Why is my host showing as '?' or 'Offline' in Datadog?

A host shows as offline when Datadog has not received metrics from the Agent for several minutes. This is typically caused by the Agent service being stopped, a network firewall blocking outbound traffic to Datadog, or an invalid API key.

How do I fix 'Error: error connecting to the agent' when running the status command?

This error means the core Agent daemon is not running.
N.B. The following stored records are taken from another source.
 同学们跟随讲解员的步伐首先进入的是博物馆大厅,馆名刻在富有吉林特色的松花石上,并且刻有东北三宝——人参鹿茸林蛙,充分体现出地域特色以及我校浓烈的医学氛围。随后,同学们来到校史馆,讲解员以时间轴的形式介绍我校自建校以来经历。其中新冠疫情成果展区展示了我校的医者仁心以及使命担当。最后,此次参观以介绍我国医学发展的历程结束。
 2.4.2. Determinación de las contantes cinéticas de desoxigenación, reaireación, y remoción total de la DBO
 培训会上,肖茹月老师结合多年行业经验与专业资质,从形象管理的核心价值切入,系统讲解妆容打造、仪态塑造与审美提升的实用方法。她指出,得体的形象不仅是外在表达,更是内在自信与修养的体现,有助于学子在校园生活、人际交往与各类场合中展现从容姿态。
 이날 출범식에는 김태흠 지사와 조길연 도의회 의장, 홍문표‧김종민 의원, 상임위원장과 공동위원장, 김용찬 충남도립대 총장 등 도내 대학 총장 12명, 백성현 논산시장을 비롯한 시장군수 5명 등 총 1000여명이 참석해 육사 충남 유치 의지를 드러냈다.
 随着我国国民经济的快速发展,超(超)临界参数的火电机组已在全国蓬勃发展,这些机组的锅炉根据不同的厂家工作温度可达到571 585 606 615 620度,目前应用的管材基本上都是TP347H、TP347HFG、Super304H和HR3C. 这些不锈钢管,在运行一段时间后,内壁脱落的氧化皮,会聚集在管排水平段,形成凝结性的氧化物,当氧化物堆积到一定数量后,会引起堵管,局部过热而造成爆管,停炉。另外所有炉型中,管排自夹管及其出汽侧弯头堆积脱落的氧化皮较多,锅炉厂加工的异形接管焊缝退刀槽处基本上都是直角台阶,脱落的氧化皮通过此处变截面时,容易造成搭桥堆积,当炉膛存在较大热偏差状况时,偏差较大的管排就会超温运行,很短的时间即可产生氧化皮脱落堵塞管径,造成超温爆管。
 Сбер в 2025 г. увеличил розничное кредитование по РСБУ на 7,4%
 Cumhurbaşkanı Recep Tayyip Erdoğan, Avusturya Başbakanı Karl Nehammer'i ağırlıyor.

Start the service using 'sudo systemctl start datadog-agent' on Linux, or check the Windows Services panel. If it fails to start, check '/var/log/datadog/agent.log' for configuration syntax errors.
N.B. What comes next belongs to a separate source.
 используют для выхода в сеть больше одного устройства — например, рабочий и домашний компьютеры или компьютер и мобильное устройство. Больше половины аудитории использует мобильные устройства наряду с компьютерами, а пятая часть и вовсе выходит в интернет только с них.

Why are my custom integration metrics not showing up?

If base host metrics work but integration metrics (like MySQL or NGINX) don't, the integration configuration in the '/etc/datadog-agent/conf.d/' directory is likely incorrect. Run 'sudo datadog-agent configcheck' to validate the YAML syntax and test the connection to the specific service.
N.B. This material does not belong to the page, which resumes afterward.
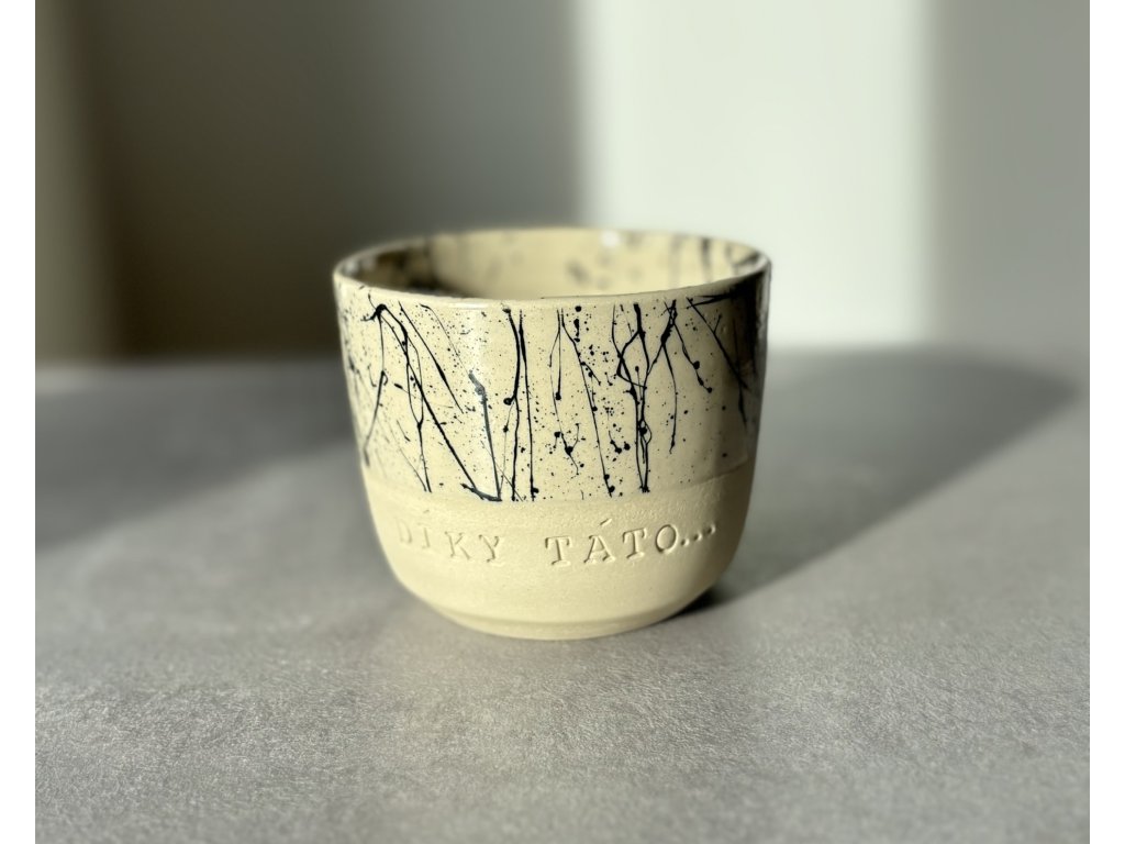 Kalíšek je ručně vyrobený ze světlé kameniny na hrnčířském kruhu s vytlačeným nápisem "Díky táto...!" a černými cákanci.

Why is the APM Trace Agent dropping traces?

Traces are often dropped if the application cannot reach the Datadog Agent on port 8126 (the default APM port). In containerized environments, ensure the tracer is configured to send data to the host IP or Datadog's Unix Domain Socket, not localhost. Also, check if 'apm_config: enabled: true' is set in your datadog.yaml.

What is the Datadog Flare and when should I use it?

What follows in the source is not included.